The Board of Directors may provide for regular meetings by resolution stating the time and place of meetings. The meetings may be held at any location agreeable to majority of the directors and normally shall coincide with the annual meetings of the American College of Allergy & Immunology of the American Academy of Allergy, Asthma & Immunology. No notice of regular meetings of the Board of Directors stating the time and place of the meetings.
Special meetings of the Board of Directors may be called by or at the request of the president or the request of 608 of the directors. A person or persons authorized to call special meetings of the Board of Directors may fix any place within the United States of America as the place for holding a special meeting. The person or persons calling a special meeting shall notify the secretary of the information required to be included in the notice of the meeting. The secretary shall give notice to the directors as required by these Bylaws.
Written or printed notice of any special meeting of the Board of Directors shall be delivered to each director not less than 15 days before the date of the meeting. The notice shall state the place, day and time of the meeting, the name of the person who called the meeting, and the purpose or purposes for which the meeting is called.
A majority of the number of directors then in office shall constitute a quorum for the transaction of business at any meeting of the Board of Directors. The directors present at a duly called or held meeting at which a quorum is present may continue to transact business even if enough directors leave the meeting so that less than a quorum remains. However, no action may be approved without the vote of at least a majority of the number of directors required to constitute a quorum. If a quorum is present at no time during a meeting, a majority of the directors present may adjourn and reconvene the meeting one time without further notice.
Directors shall exercise ordinary business judgment in managing the affairs of the Corporation. Directors shall act as fiduciaries with respect to the interests of the members. In acting in their official capacity as directors of the Corporation, directors shall act in good faith and take actions they reasonably believe to be in the best interest of the Corporation and that are not unlawful. In all other instances, the Board of Directors shall not take any action that they reasonably believe would be opposed to the Corporation’s best interests or would be unlawful. A director acts in good faith relying on written financial statements and legal opinions provided by the accountant or attorney retained by the Corporation.
The Board of Directors shall attempt to act by consensus. However, the vote of a majority of directors present and voting at a meeting at which a quorum is present shall be sufficient to constitute the act of the Board of Directors unless the act of a greater number is required by law or the Bylaws. A director who presents at a meeting and obtains from a vote is not considered to be present and voting for the purpose of determining the decision of the Board of Directors.

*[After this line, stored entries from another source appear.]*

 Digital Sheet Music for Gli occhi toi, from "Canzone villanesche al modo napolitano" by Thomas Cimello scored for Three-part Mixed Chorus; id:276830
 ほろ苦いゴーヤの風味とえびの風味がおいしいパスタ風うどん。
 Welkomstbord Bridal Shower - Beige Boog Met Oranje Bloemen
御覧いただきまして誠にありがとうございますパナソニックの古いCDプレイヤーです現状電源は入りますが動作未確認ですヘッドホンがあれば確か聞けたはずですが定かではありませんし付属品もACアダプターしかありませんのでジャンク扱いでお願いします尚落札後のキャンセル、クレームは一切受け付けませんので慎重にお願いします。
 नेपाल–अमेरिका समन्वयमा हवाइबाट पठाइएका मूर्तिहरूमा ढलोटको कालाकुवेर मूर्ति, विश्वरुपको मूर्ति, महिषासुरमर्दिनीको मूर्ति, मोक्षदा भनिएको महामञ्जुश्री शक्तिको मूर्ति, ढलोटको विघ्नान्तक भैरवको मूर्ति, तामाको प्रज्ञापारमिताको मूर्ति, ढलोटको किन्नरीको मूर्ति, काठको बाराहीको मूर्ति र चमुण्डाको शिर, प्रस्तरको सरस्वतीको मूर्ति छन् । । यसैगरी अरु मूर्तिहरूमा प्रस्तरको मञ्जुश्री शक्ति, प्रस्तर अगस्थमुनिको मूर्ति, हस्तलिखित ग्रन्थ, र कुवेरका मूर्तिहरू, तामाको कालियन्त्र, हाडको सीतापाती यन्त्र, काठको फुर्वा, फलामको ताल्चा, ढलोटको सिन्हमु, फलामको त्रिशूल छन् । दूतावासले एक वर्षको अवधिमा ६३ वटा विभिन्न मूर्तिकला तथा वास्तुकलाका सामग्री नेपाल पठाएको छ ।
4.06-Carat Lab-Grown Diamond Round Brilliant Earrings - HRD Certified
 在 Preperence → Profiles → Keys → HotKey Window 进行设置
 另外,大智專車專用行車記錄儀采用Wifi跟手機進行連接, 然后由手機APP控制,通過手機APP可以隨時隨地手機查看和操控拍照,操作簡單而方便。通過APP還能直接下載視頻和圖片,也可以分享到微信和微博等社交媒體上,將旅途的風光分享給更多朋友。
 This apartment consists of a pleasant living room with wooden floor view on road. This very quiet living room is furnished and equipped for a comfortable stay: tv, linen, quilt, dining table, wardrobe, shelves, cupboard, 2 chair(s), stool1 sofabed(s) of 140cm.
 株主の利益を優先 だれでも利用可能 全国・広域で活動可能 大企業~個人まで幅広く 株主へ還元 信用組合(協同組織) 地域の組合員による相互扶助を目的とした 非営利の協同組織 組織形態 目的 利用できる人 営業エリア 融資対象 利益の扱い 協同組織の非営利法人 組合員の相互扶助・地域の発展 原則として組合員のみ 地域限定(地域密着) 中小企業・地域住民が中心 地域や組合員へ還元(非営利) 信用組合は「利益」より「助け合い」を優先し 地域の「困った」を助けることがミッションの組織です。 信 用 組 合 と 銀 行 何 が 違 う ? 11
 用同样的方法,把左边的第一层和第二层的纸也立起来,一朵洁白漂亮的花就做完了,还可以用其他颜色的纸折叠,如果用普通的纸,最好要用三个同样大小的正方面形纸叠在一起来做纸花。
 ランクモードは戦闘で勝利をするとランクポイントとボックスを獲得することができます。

A director may vote by proxy.
Directors shall not receive salaries for their services. The Board of Directors may adopt a resolution providing for payment to directors of a fixed sum and expense for attendance at each meeting of the Board of Directors. A director may serve the Corporation in any other capacity and receive compensation for those services. Any compensation that the Corporation pays to a director shall be commensurate with the services performed and reasonable in amount.
The members may vote to remove a director at any time, only for good cause. A meeting to consider the removal of director may be called and noticed following the procedures set forth in the Bylaws. The notice of the meeting shall state that the issue of possible removal of the director will be on the agenda. The director shall have the right to present evidence at the meeting as to why he or she should not be removed, and the director shall have the right to be represented by the attorney at and before the meeting. At the meeting, the Corporation shall consider possible arrangements for resolving the problems that are in the mutual interest of the Corporation and the director. A director may be removed by the affirmative vote of a majority of the members.